You have an inherent problem. Iterable implies that you can get multiple iterators. Iterator implies that you can only pass through once. That means that your Iterable[Iterable[T]] should be able to produce Iterator[Iterable[T]]s. But when this returns an element--an Iterable[T]--and that asks for multiple iterators, the underlying single iterator can't comply without either caching the results of the list (too big) or calling the original iterable and going through absolutely everything again (very inefficient).

So, while you could do this, I think you should conceive of your problem in a different way.

If you could start with a Seq instead, you could grab subsets as ranges.

If you already know how you want to use your iterable, you could write a method

def process[T](source: Iterable[T])(starts: T => Boolean)(handlers: T => Unit *)

which increments through the set of handlers each time starts fires off a "true". If there's any way you can do your processing in one sweep, something like this is the way to go. (Your handlers will have to save state via mutable data structures or variables, however.)

If you can permit iteration on the outer list to break the inner list, you could have an Iterable[Iterator[T]] with the additional constraint that once you iterate to a later sub-iterator, all previous sub-iterators are invalid.

Here's a solution of the last type (from Iterator[T] to Iterator[Iterator[T]]; one can wrap this to make the outer layers Iterable instead).

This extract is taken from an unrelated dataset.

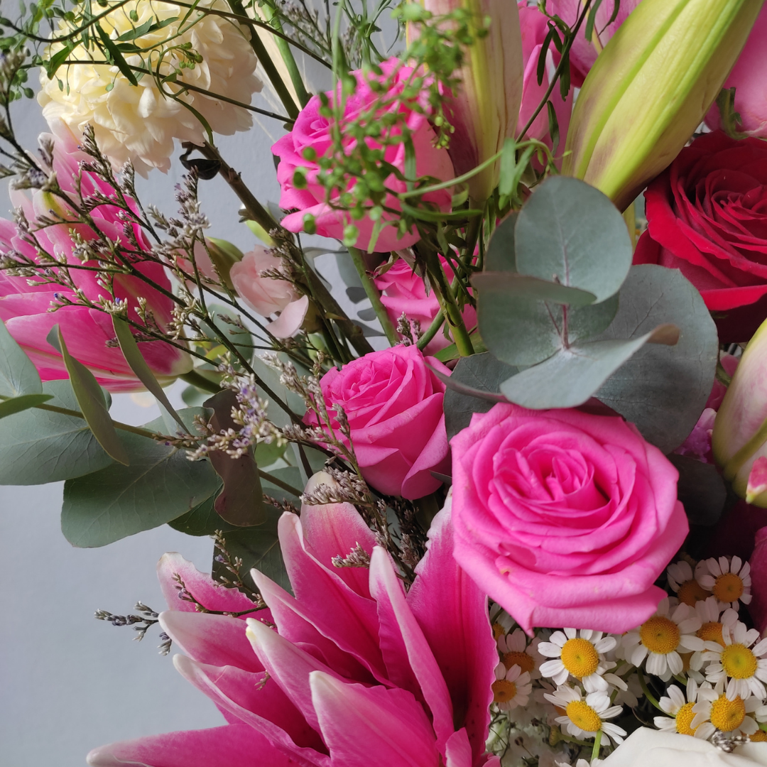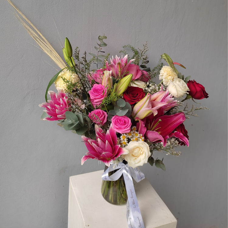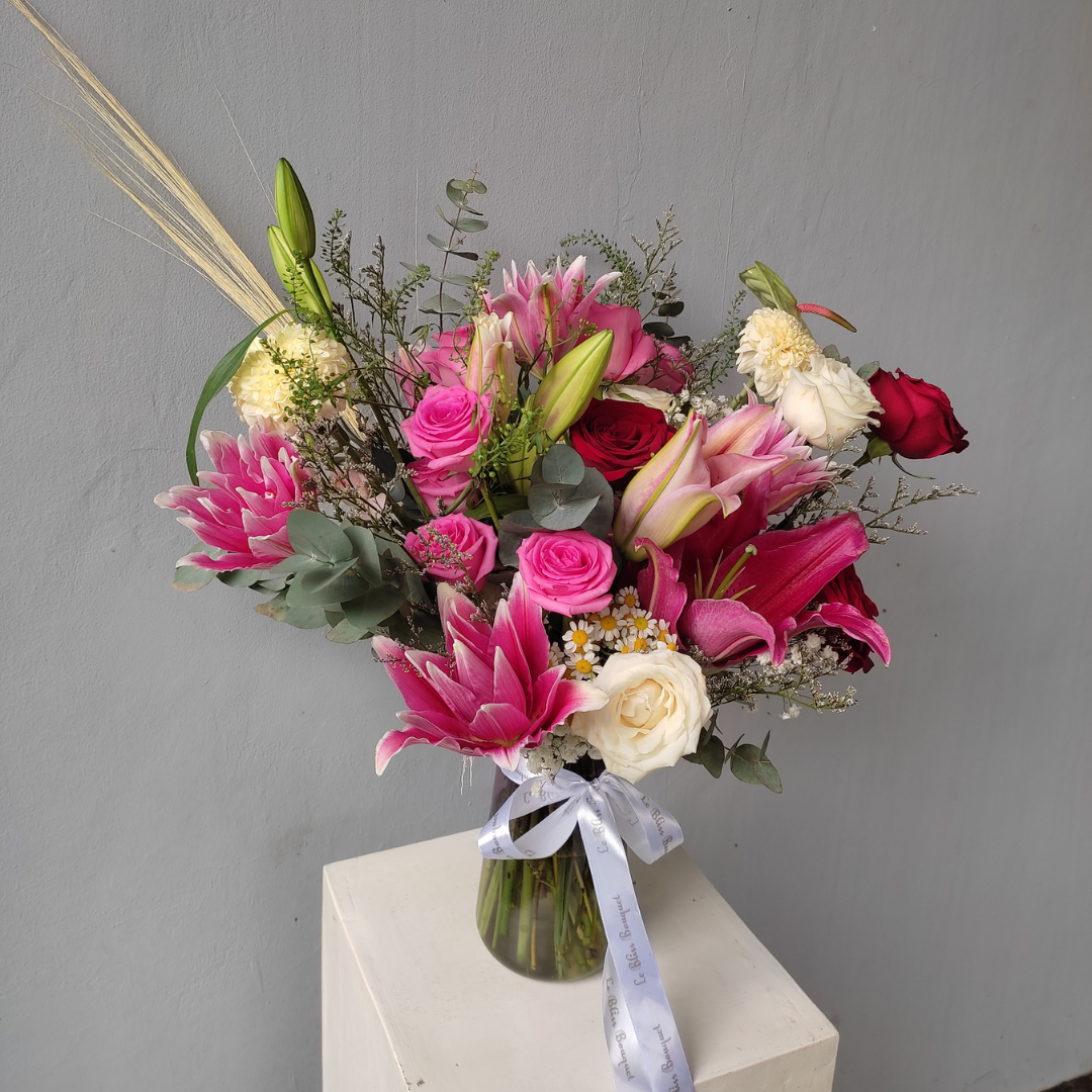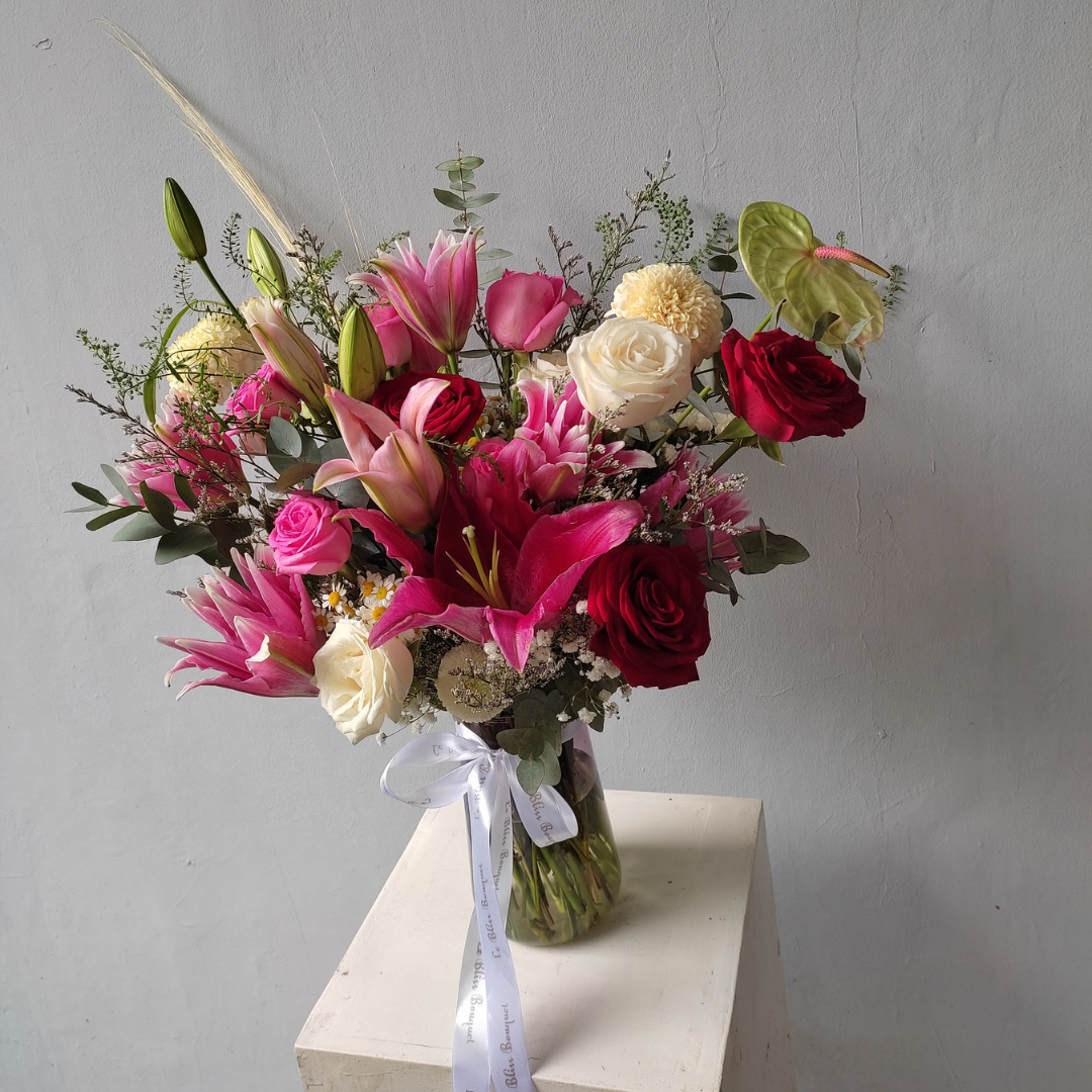 Shop Le Bliss Bouquet presents the enchanting "Blissful Pink Fanta Lily Red Vase," a mesmerizing floral arrangement featuring the finest blooms. This exquisite vase showcases a delightful combination of Roselily Pink Fanta, Lily Casablanca Pink Fanta, Pink Revival Rose, Red Rose, and Anthurium, creating a harmonious blend of colors and textures to elevate any space.

class GroupedBy[T](source: Iterator[T])(starts: T => Boolean)
extends Iterator[Iterator[T]] {
  private val underlying = source
  private var saved: T = _
  private var cached = false
  private var starting = false
  private def cacheNext() {
    saved = underlying.next
    starting = starts(saved)
    cached = true
  }
  private def oops() { throw new java.util.NoSuchElementException("empty iterator") }
  // Comment the next line if you do NOT want the first element to always start a group
  if (underlying.hasNext) { cacheNext(); starting = true }
  def hasNext = {
    while (!(cached && starting) && underlying.hasNext) cacheNext()
    cached && starting
  }
  def next = {
    if (!(cached && starting) && !hasNext) oops()
    starting = false
    new Iterator[T] {
      var presumablyMore = true
      def hasNext = {
        if (!cached && !starting && underlying.hasNext && presumablyMore) cacheNext()
        presumablyMore = cached && !starting
        presumablyMore
      }
      def next = {
        if (presumablyMore && (cached || hasNext)) { 
          cached = false
          saved
        }
        else oops()
      }
    }
  }
}

`Iterator[Iterator[T]]` would be fine; my underlying iterator can only and should only allow one pass anyway. I want skipping sub-iterators to invalidate previous sub-iterators. I don't know the length ahead of time, so a `Seq` isn't possible. I do know how I want to use my iterable, but I thought such a function would be useful generally. — Jay Hacker, Nov 23 '11 at 14:34

Jay Hacker · Accepted Answer · 2011-11-23T22:59:11.653

Here's my solution using BufferedIterator. It doesn't let you skip iterators correctly, but it's fairly simple and functional. The first element(s) go into a group even if !startsGroup(first).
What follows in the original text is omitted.